A decade later Pope introduced his “safety” version, with equal-size wheels and chains. By 1890, the sewing machine market having collapsed, Weed employed 600 men making safety bicycles alone. Nine years earlier Pope had gained control of Weed and in 1891 he merged it with Pope Manufacturing. He erected a cream-colored office building on Capitol Avenue , with a paneled apartment for himself on the top floor, and moved his staff from Boston . New production methods were introduced for making pedals, hubs, spokes, and other parts. Pope set up the first metallurgical laboratory in New England . At its peak the Pope complex occupied 18 acres of factory space. Nearly 4,000 employees turned out 50,000 bicycles a year.

Emulating the paternalism of Sam Colt a generation earlier, Pope provided nearby housing and recreation for his workers. Columbia Street and Park Terrace were laid out and filled with attractive nine-room homes. He also gave 75 acres to the south of the factory for the creation of Pope Park .

Unfortunately the bicycle fad peaked by 1896 and collapsed in1900. Desperate to save his empire, Pope focused on developing a new product. He had hired as head of the Motor Carriage Department a highly gifted inventor named Hiram Percy Maxim. Until Maxim’s concept of a gasoline-driven automobile could be perfected, Pope built electric carriages.

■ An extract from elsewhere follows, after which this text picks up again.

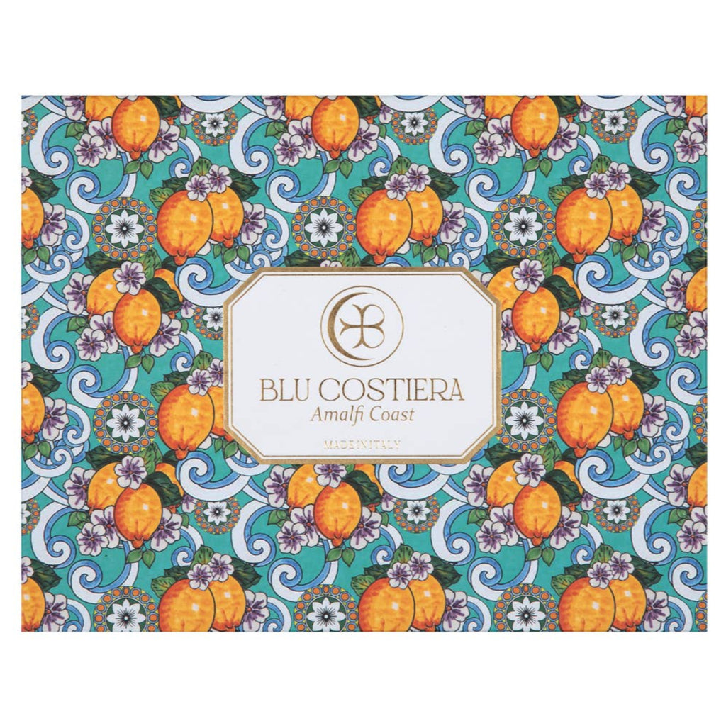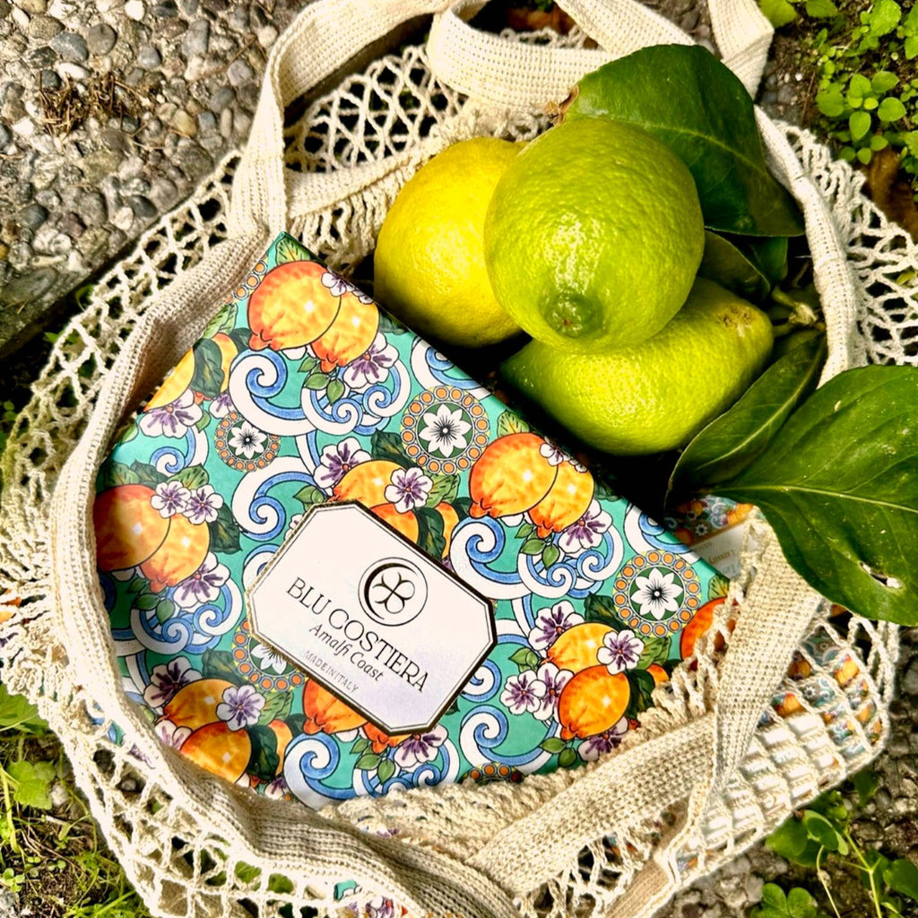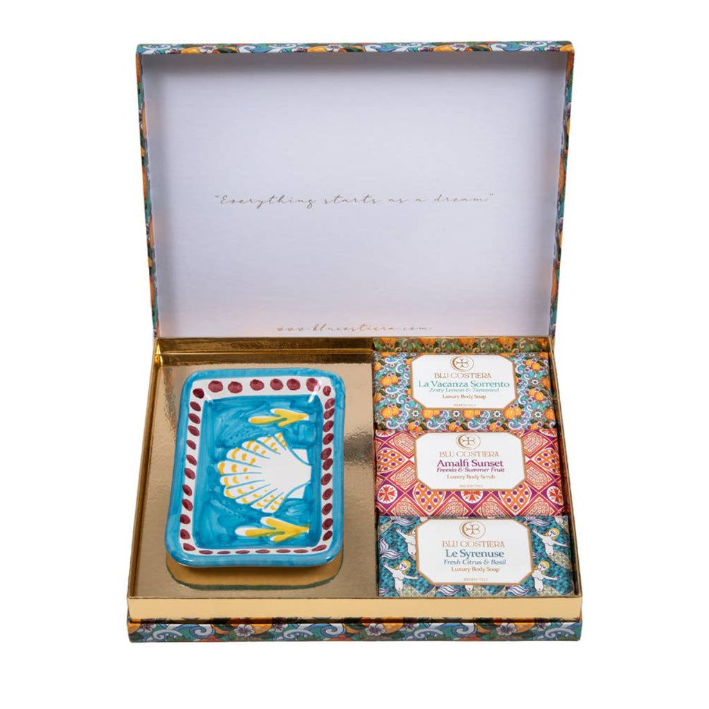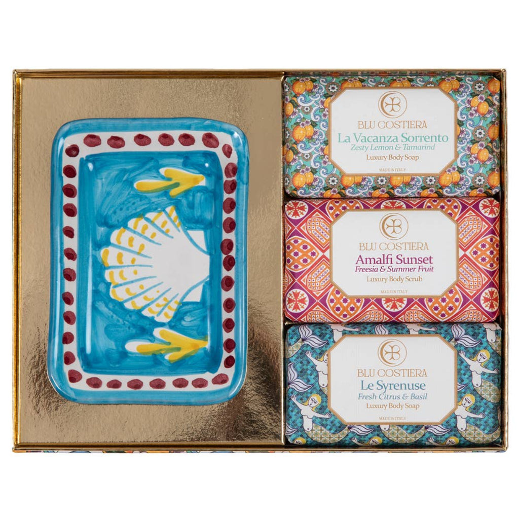 Made in Italy. Contains 3 solid soaps including a scrub and a handcrafted Vietri ceramic soap dish.

The Mark III electric appeared in May 1897 and was offered to the public at a price of $3,000. It had an operating radius of 30 miles and a top speed of 12 miles an hour. Under the headline of “HORSELESS ERA COMES,” the Hartford Courant enthused: “The idea of sitting in a smooth rolling carriage, nothing front of the dashboard but space. is something exhilarating and fascinating.” Its debut marked the real beginning of the automobile industry in America .

Meanwhile Maxim and his crew had been working feverishly on the gasoline engine. They installed a three-cylinder version in a Crawford runabout, the most advanced style of carriage, with ball-bearing wheels and rubber tires. The inventor recalled, “This little carriage was let down the steps at the Park Street door of the old Pope Tube Works at Park and Laurel streets and immediately collected a crowd that blocked traffic. The frightful clatter and the clouds of smoke frightened the crowd and they stampeded. The little carriage moved ahead and I was off on the first motor car to be built in Connecticut .” That same year he successfully drove a Mark VII tricycle with a gasoline engine to Springfield .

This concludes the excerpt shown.